26.3.12

un vote nécessaire

Je rends hommage à Ariane Mnouchkine pour la "maternité" du mot nécessaire, à telle enseigne que je lui offre humblement ce blog pour relayer la contribution qu'elle publie dans Télérama dans le souci de démultiplier une pensée qui me semble relever d'un principe d'hygiène publique et de la vigilance nécessaire en effet pour la défense de la dignité humaine, française notamment.

« Je me suis surprise à penser des pensées moches, tordues par l’angoisse :
— Pourvu que ce ne soit pas un arabe ! Pourvu que ce ne soit pas un Afghan ! Pourvu que ce ne soit pas un musulman. Pourvu que ce ne soit pas un immigré. Avec ou sans papiers. Pourvu, Oh pourvu, que cela soit un détraqué, ou s’il le faut absolument, une ordure bien de chez nous. Avec un nom bien français, européen à la rigueur. Pour que tout le monde se taise. Et pleure. Sans pouvoir lancer aucune insulte, aucun venin, aucune polémique, n’exhiber aucune prévisible, triomphante et immonde ironie. Pour qu’on se taise et pense à ces soldats, à ces enfants. Catholique, musulmans, juifs. Soldats, tout court. Enfants, tout court. Mais où en est donc mon beau et triste pays pour que, lors d’un événement aussi grave, moi, je me détourne ne serait-ce qu’un instant du temps sacré de la compassion et que j’en arrive à penser : « Pourvu que cet abruti, cet intoxiqué, ne soit pas ceci ou cela ».

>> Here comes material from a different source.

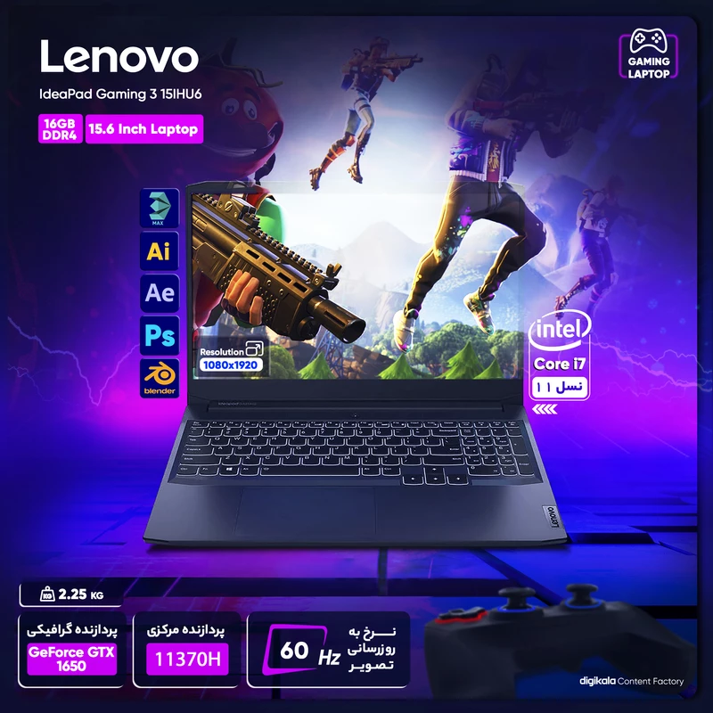 لنوو با سری Ideapad Gaming گزینههایی مقرون به صرفه و در عین حال قدرتمند برای بودجههای مختلف فراهم میکند. لپتاپ IdeaPad Gaming ۳ ۱۵IHU۶ یکی از این گزینههاست که ضمن برخورداری از سختافزار مناسب برای اجرای بازیهای جدید، قیمت قابل قبولی هم دارد. وزن ۲.۲۵ کیلوگرم برای یک لپتاپ در این ابعاد و رده کاربری کاملا معقول بوده و نمیتوان ایرادی از آن گرفت. بدنه اصلی از طراحی ساده و خطوط ظریفی بهره میبرد که ظاهر شیکی به این لپتاپ میدهند. صفحهنمایش ۱۵.۶ اینچی رزولوشن Full HD یا به عبارت دیگر ۱۹۲۰ در ۱۰۸۰ داشته و تا ۲۵۰ نیت روشن میشود. نرخ بهروزرسانی ۶۰ هرتزی با توجه به سخت افزار استفاده شده مناسب به نظر میرسد. به لطف پردازنده Core i۷ مدل ۱۱۳۷۰H که از ۴ هسته و ۸ رشته پردازشی برخوردار است، کمتر مشکلی در بخش پردازشی در پیش خواهید داشت. دامنه فرکانس ۳.۳ تا ۴.۷ گیگاهرتز و ۱۲ مگابایت حافظه کش از دیگر ویژگیهای این پردازنده نسل ۱۱ اینتل هستند. ۱۶ گیگابایت حافظه DDR۴ با سرعت ۳۲۰۰ مگاهرتز برای تضمین تجربه روان و بدون لگ برای این مدل در نظر گرفته شده که با وجود یک اسلات خالی روی بورد، به راحتی قابل ارتقا خواهد بود. ۵۱۲ گیگابایت حافظه SSD پرسرعت از نوع NVMe M.۲ با کمی مدیریت کافی خواهد بود؛ هرچند که این بخش هم مانند رم در صورت نیاز کاربر قابل ارتقا خواهد بود. بخش اصلی مورد نظر گیمرها، پردازنده گرافیکی است که لنوو در این مدل از Geforce GTX ۱۶۵۰ با چهار گیگابایت حافظه اختصاصی استفاده کرده است. این پردازنده انویدیا قادر به اجرای بازیهای روز با تنظیمات قابل قبول و نرخ فریم مناسب خواهد بود. بلندگوهای Nahimic، باتری با ظرفیت ۴۵ وات ساعتی و نور پس زمینه کیبورد از ویژگیهای مهم IdeaPad Gaming ۳ ۱۵IHU۶ هستند.

Je dois écrire quelque chose sur cette campagne. Télérama, très amicalement me le demande. J’ai dit oui. Il y a longtemps. Depuis des jours et des jours je tourne autour de mon papier. J’aimerais tant écrire avec hauteur de vue, modération, tempérance. Assumer la complexité de ce moment de l’Histoire. Trouver des solutions nouvelles. Eclairer. Ne pas ajouter du vide au vide. Des mots à des mots. Si seulement, comme certains, j’étais désabusée, je pourrais paraître plus sage, plus éclairée. Or je suis morte de trouille et je suffoque de colère. Pas bonne conseillère la colère. Ni la peur. Attention à ce que je peux dire. Pas d’inexactitude. Pas de vulgarité. Pas d’emballement.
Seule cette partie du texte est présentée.